WHAT YOU WILL DO – Write out, without any change, the lines in the material below that run from the line with "Klangspiel (Zimbelstern) |" through the line with "Прогноз магнитных бурь", both included.

DATA –
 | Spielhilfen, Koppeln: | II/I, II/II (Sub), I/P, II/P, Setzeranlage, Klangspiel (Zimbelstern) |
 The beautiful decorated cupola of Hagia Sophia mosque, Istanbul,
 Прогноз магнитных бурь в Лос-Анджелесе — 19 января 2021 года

...

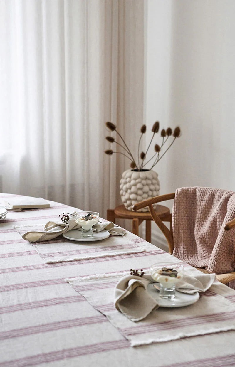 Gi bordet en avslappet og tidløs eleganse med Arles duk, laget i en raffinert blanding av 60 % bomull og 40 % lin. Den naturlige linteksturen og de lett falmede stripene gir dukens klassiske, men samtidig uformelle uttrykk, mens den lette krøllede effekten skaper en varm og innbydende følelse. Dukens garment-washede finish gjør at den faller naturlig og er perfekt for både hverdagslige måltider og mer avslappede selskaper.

ANSWER SPACE –
 | Spielhilfen, Koppeln: | II/I, II/II (Sub), I/P, II/P, Setzeranlage, Klangspiel (Zimbelstern) |
 The beautiful decorated cupola of Hagia Sophia mosque, Istanbul,
 Прогноз магнитных бурь в Лос-Анджелесе — 19 января 2021 года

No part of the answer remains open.